A U.S. District Court Judge in Minnesota has denied a request from Ameriprise Financial to dismiss all complaints by participants in its own 401(k) plan, who claim that Ameriprise charged excessive fees and placed them in poorly performing Ameriprise funds, while benefitting at their expense from the operation of the plan.

The case, Krueger et al. v. Ameriprise Financial, Inc., et. al, had been filed on behalf of all Ameriprise Financial employees, former employees, and retirees who are in the 401(k) plan sponsored by Ameriprise. According to Judge Susan Richard Nelson’s November 20 opinion:

“Plaintiffs have plausibly pled that Defendants did not discharge their duties solely in the interest of the participants and beneficiaries of the Plans. Plaintiffs allege that Defendants chose investment options with poor or non-existent performance histories relative to other investment options that were available to the Plan. Plaintiffs have also plausibly claimed that Defendants continued to choose novel or poorly performing affiliated fund investment options for the Plan instead of more established and better performing alternatives.

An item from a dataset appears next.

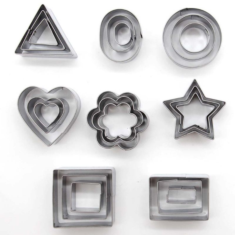 Diy Formájú Tortavágó Vasdobozos Készlet 24 Rozsdamentes Acél Sütőedény Kekszformával Háromszög Virág Szív Négyzet Alakú

Plaintiffs have pointed to prudent alternatives to Ameriprise affiliated funds that Defendants could have chosen as investment options for the Plan. It is also plausible that Defendants may have selected higher-cost share classes when lower-cost share classes were available because they received benefits for doing so.

Moreover, based on Plaintiffs’ allegations, it is also plausible that the process Defendants used to choose Plan investments was flawed.

The complaint alleges that the Defendant selected certain investment options for the Plan despite the availability of better options. The complaint further alleges that these options were chosen to benefit defendants at the expense of Plaintiffs. If these allegations are substantiated, then the process by which Defendants selected and managed the funds in the Plan would have been tainted “by failure of effort, competence, or loyalty.”

The St. Louis law firm representing the plaintiffs, Schlichter, Bogard and Denton, LLP is the same firm that last March won the case of Tussey versus ABB, Inc., in which found a plan sponsor was held responsible for $35.2 million in damages for violation of fiduciary duty to participants.